■ SOURCE DATA:
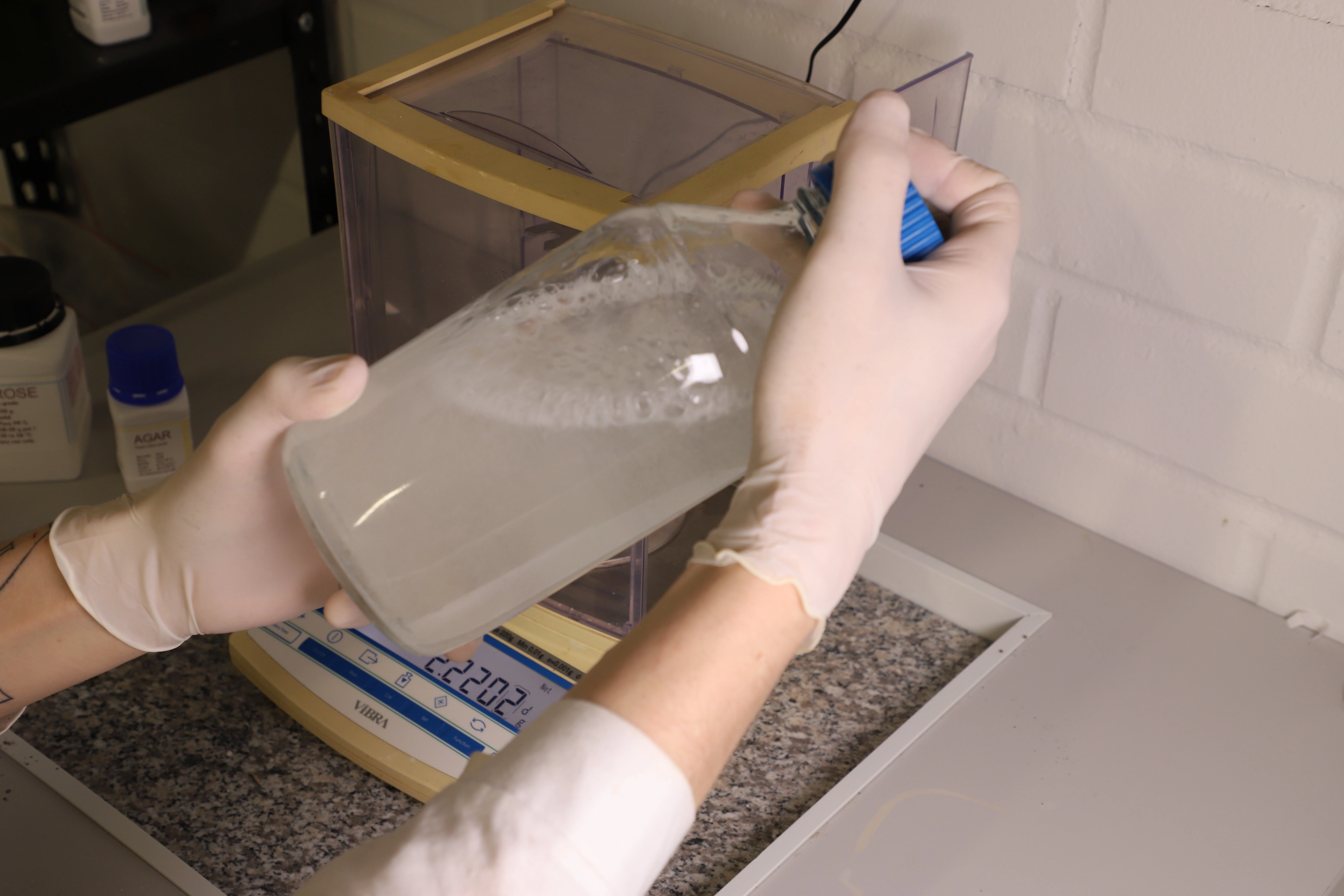 Option A — Heat first, then dispense, then autoclave (recommended when working in a flow box or without a true laminar cabinet)
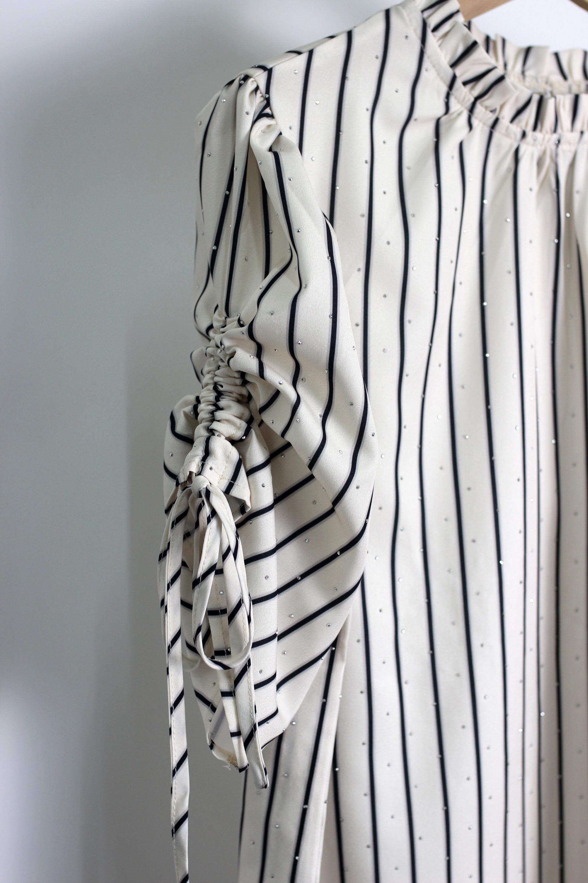 Elevate your wardrobe with this elegant striped blouse featuring subtle rhinestone embellishments and stylish drawstring ruched sleeves. The ivory base is contrasted with classic black vertical stripes, offering a timeless, slimming silhouette. Designed with a gathered round neckline and relaxed fit, this?top is perfect for both casual and semi-formal wear.
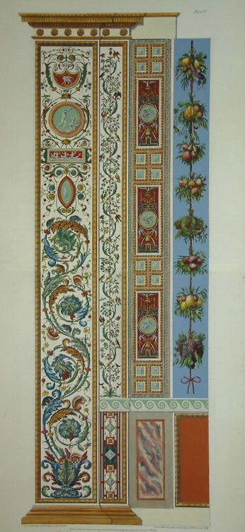 These classic engravings record the work of Raphael Sanzio da Urbino (1483-1520) in decorating the Loggie in the Vatican apartments between 1518-19 for Pope Leo X. This work entitled ‘Delle Loggie di Rafaele nel Vaticano’ was engraved by Giovanni Ottaviani (c.1734-1808) and Giovanni Volpato (1735-1803) and is remarkable for its size and the magnificent colouring found in contemporary-coloured examples. They were to have considerable influence on contemporary taste in the neo-classical period. A reduction was published in Paris 1787-90 in which two panels appear on each plate. They were beautifully engraved by J. Sticotti and published by Francois Chereau and Francois-Etienne Joubert. An edition was published in Rome around 1802. They were beautifully engraved by Carlo Lasinio under the direction of Rainaldi after the drawings of Camporesi. Brunet (1860-80) IV, pp. 1110-11; Berlin Cat. (1939) no. 4068 & 4070; ‘Universal Catalogue of Books on Art’ II p. 1689.
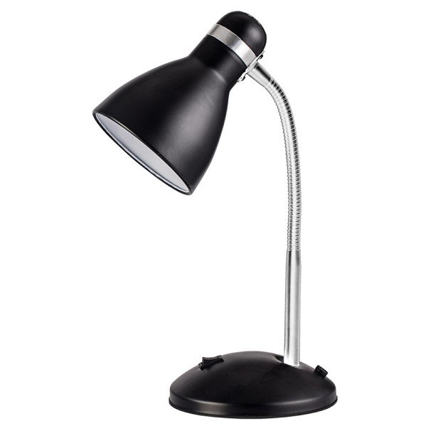 Flexo de la serie LAZULITA de color NEGRO/CROMO. De diseño sencillo realizado en metal con interior de la cabeza en color blanco y detalle en cromado. Con brazo flexible, lo que hace posible orientarlo hacia el punto donde se necesita la luz directa. Posee un portalámparas E27. Bombilla no incluida. Es ideal para pequeños escritorios o mesillas. Modelo también disponible en color rojo, azul, verde, rosa y en blanco.
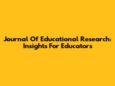 Journal Of Educational Research: Insights For Educators
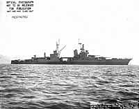 Photo #: 19-N-76902 USS Indianapolis (CA-35) Off the Mare Island Navy Yard, California, 9 December 1944, following overhaul. Photograph from the Bureau of Ships Collection in the U.S. National Archives. Online Image: 73KB; 740 x 610 pixels Reproductions of this image may also be available through the National Archives photographic reproduction system. |
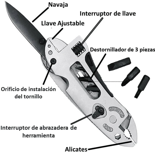 Imagina tener a mano alicates, cortador de alambre, diferentes destornilladores, navaja, y llave expansiva, todo en uno ✅
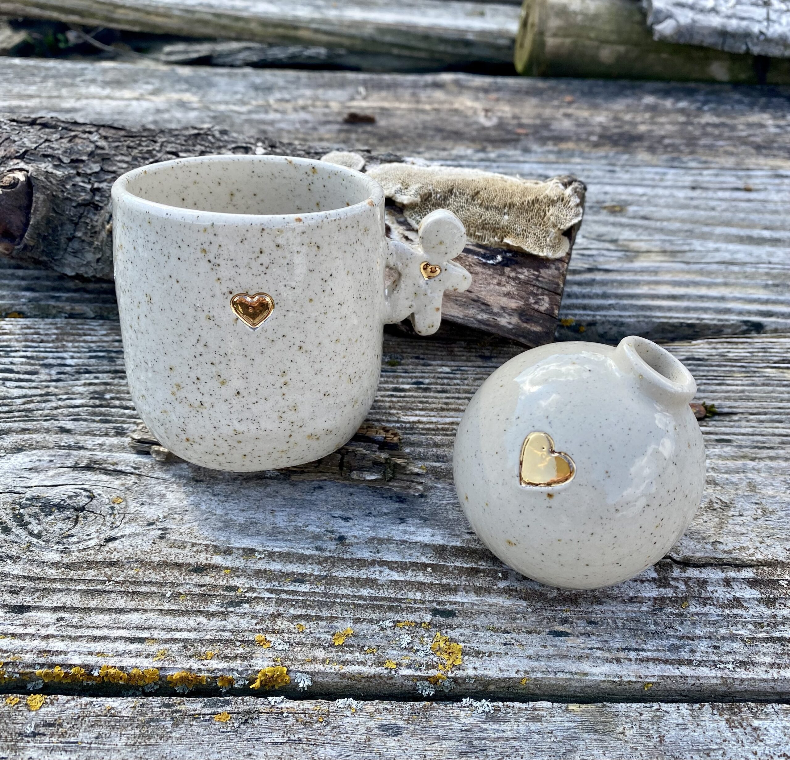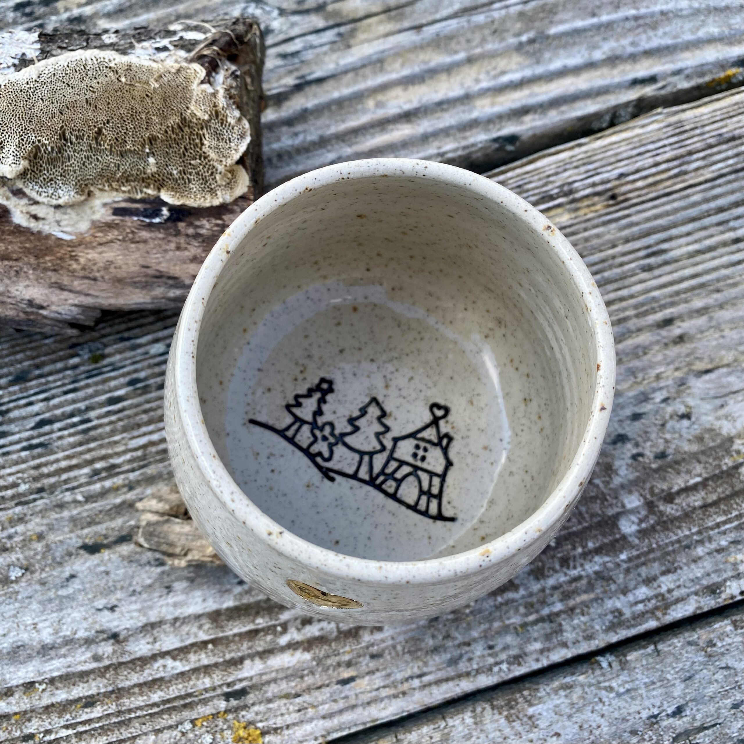 23 : Tasse au cœur d’or avec dessin du village au fond

■ WHAT TO WORK ON:
I'd like the material duplicated exactly, without its pictures.

■ EXPECTED ANSWER:
 Option A — Heat first, then dispense, then autoclave (recommended when working in a flow box or without a true laminar cabinet)
 Elevate your wardrobe with this elegant striped blouse featuring subtle rhinestone embellishments and stylish drawstring ruched sleeves. The ivory base is contrasted with classic black vertical stripes, offering a timeless, slimming silhouette. Designed with a gathered round neckline and relaxed fit, this?top is perfect for both casual and semi-formal wear.
 These classic engravings record the work of Raphael Sanzio da Urbino (1483-1520) in decorating the Loggie in the Vatican apartments between 1518-19 for Pope Leo X. This work entitled ‘Delle Loggie di Rafaele nel Vaticano’ was engraved by Giovanni Ottaviani (c.1734-1808) and Giovanni Volpato (1735-1803) and is remarkable for its size and the magnificent colouring found in contemporary-coloured examples. They were to have considerable influence on contemporary taste in the neo-classical period. A reduction was published in Paris 1787-90 in which two panels appear on each plate. They were beautifully engraved by J. Sticotti and published by Francois Chereau and Francois-Etienne Joubert. An edition was published in Rome around 1802. They were beautifully engraved by Carlo Lasinio under the direction of Rainaldi after the drawings of Camporesi. Brunet (1860-80) IV, pp. 1110-11; Berlin Cat. (1939) no. 4068 & 4070; ‘Universal Catalogue of Books on Art’ II p. 1689.
 Flexo de la serie LAZULITA de color NEGRO/CROMO. De diseño sencillo realizado en metal con interior de la cabeza en color blanco y detalle en cromado. Con brazo flexible, lo que hace posible orientarlo hacia el punto donde se necesita la luz directa. Posee un portalámparas E27. Bombilla no incluida. Es ideal para pequeños escritorios o mesillas. Modelo también disponible en color rojo, azul, verde, rosa y en blanco.
 Journal Of Educational Research: Insights For Educators
 Photo #: 19-N-76902 USS Indianapolis (CA-35) Off the Mare Island Navy Yard, California, 9 December 1944, following overhaul. Photograph from the Bureau of Ships Collection in the U.S. National Archives. Online Image: 73KB; 740 x 610 pixels Reproductions of this image may also be available through the National Archives photographic reproduction system. |
 Imagina tener a mano alicates, cortador de alambre, diferentes destornilladores, navaja, y llave expansiva, todo en uno ✅
 23 : Tasse au cœur d’or avec dessin du village au fond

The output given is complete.